THE FOREST LORD By Susan Krinard

For him.

She must get inside. She must protect her son. She must think.

As if thinking would alter the circumstances one jot.

She led Donal into Caldwick’s rose garden and sat down on a bench, resting her hot face in her hands. Donal sat beside her, legs dangling.

“Mother?” he said, patting her shoulder. “Don’t worry. It will be all right.”

Eden hugged him against her. God love the child; he had obviously accepted his father without fear. And just how long had he known? Had… he… told Donal from the beginning?

How had a young boy kept such a secret from his own mother?

She took firm hold of her emotions and smiled at her son. “Donal, you know that… Hartley is your father.”

He nodded, eyes wide and solemn.

“When did he tell you?”

“He didn’t tell me,” Donal said. “I just knew. Like I knew who you were.”

Memory blinded her. That first day she had found Donal at Hartsmere, he had called her “Mother.” But he had never seen her before.

He had simply known. And given her his heart. As he had done with… him.

You cannot keep this up forever. Pretending he does not have a name, that you did not lie with him night after night, and swear that you loved him.

Once she had believed she loved him in another guise. Now she knew that the love she’d felt as a girl had been a mere shadow of the reality. She had been flattered by masculine attention, attracted to wealth and looks, certain of her own ability to mold her cousin into what she wanted.
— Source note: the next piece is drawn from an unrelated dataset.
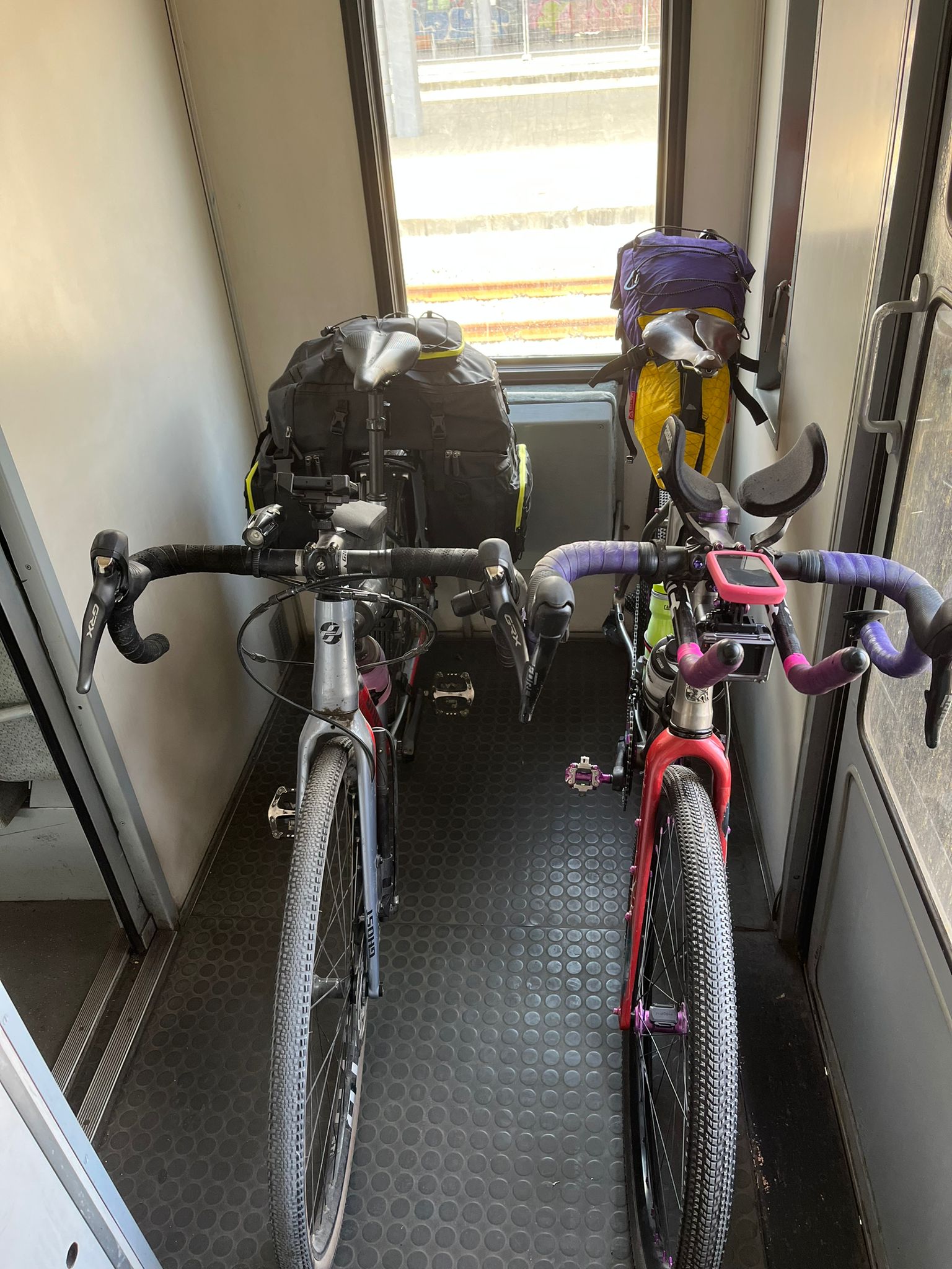Although, after all of that, we landed in one piece. Passport control was fast, and our bikes were waiting for us right as we got to the baggage control. From there, there was a direct train to where we will stay on our last day. We made sure that we could store our suitcases there, so we assembled our bikes and stored our suitcases.

What she felt for Hartley—what she had felt—had grown deep and strong like the roots of a great tree. She had ceased wishing to change him or expecting him to be what he was not.

And all the while, he hadn’t been what she’d believed.
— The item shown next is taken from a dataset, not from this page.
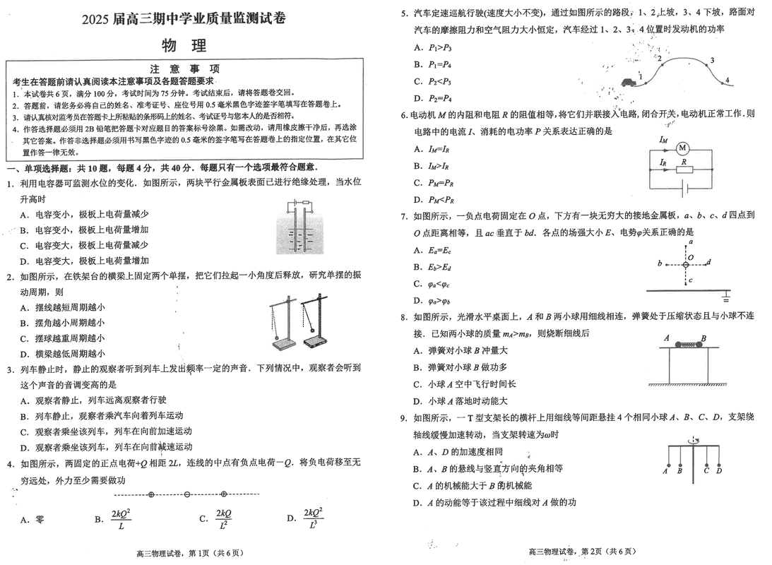 海安高级中学2025届高三上学期期中物理试题及答案

She called up the vision of the being she had met in the glade. The magnificent, larger-than-life form, like a god… like Hartley but somehow more so. The clothes that seemed assembled of moss and bark and leaves. The rack of antlers that matched those he had worn as a stag.

He not only understood the beasts, he was one. And not.

For his eyes had been Hartley’s. They had pleaded for her forgiveness, her acceptance, casting aside the pride that he wore so naturally in all his forms.

Hartley. Oh, Hartley. If only I had never known.

If only she had lived in ignorance, denying her doubts, deceived by the man she loved, who was not a man at all. If only they could have gone on as they had been, forever.

But that was not to be. Two different worlds. Worlds father apart than she had imagined, even in her wildest speculations.

The sole bridge between them sat beside her: Donal. A boy who was also more than human. Whom Hartley had saved twice from death. Whom he would risk everything to protect. As she would.

Donal’s fey nature had no bearing on her love for him.

Why was it so different with Hartley? Because he had lied to her not once, but twice… and all but destroyed her life? Or was this a deeper, more primitive fear?

If he is not human, what is he?

But she knew. Mrs. Byrne had told her, and so had Mr. Kirkby. She had guessed part of the truth when she’d decided he might be, in some way, like Donal. Or Cornelius.

He could speak to animals. He could change his appearance. He could take the form of a stag and God knew what else. He sprouted antlers from his forehead, and perhaps had other powers she could scarcely imagine.

But he could also lie with a woman and father a child who looked and behaved human in nearly every way. He could love her with the greatest tenderness and defend her ferociously. He held his son like any father, pride and love burning in his eyes. He worked with his hands in the earth, and gentled the most frightened horse with a touch.

That was Hartley Shaw. That was the man she loved.